File write idempotency (lines 161-172): persistToolResult uses flag: 'wx' to write files, meaning it throws an EEXIST error if the file already exists — the function catches and ignores this error. This design handles the duplicate persistence problem when microcompact replays original messages: tool_use_id is unique per invocation, content for the same ID is deterministic, so skipping existing files is safe.

Post-Persistence Message Format

After persistence, the message the model actually sees looks like this:

<persisted-output>
Output too large (82.3 KB). Full output saved to:
  /path/to/session/tool-results/toolu_01XYZ.txt

Preview (first 2.0 KB):
[First 2000 bytes of content, truncated at newline boundary]
...
</persisted-output>

The preview generation logic (lines 339-356) tries to truncate at newline boundaries to avoid cutting a line in the middle. If the last newline position is before 50% of the limit (meaning either there's only one line or lines are very long), it falls back to the exact byte limit.
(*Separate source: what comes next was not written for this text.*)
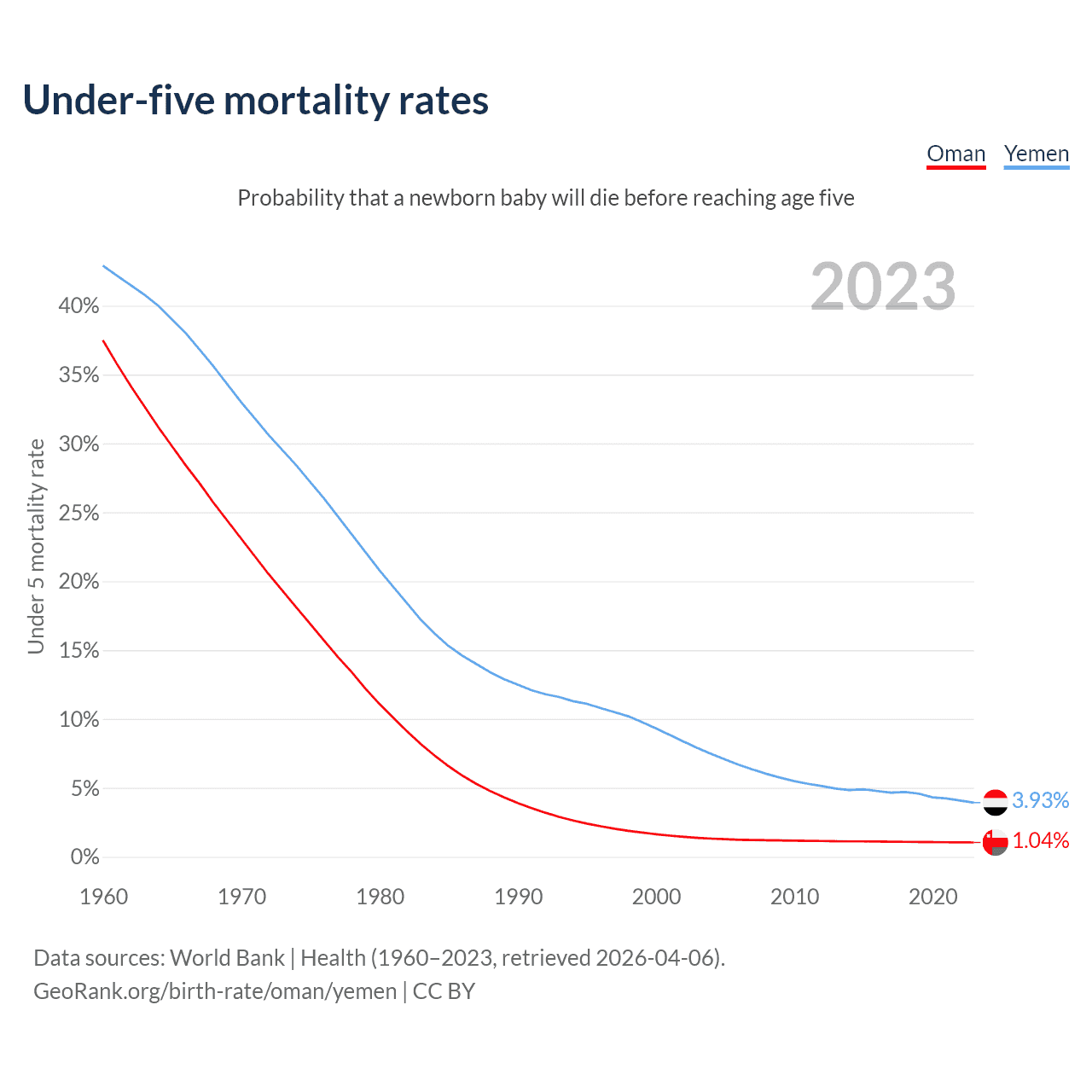 The chance that a newborn baby will die before reaching age five is 1.04% in Oman and 3.93% in Yemen. Above is a chart with historical data on under-five mortality rates.

12.2 Per-Message Budget: The 200K Aggregate Ceiling

Why Message-Level Budget Is Needed

The per-tool 50K ceiling is insufficient for parallel tool call scenarios. Consider this situation: the model simultaneously initiates 10 Grep calls searching for different keywords, each returning 40K characters — individually all under the 50K threshold, but totaling 400K characters that would be sent in a single user message to the API. This would immediately consume a large chunk of the context window and potentially trigger unnecessary compaction.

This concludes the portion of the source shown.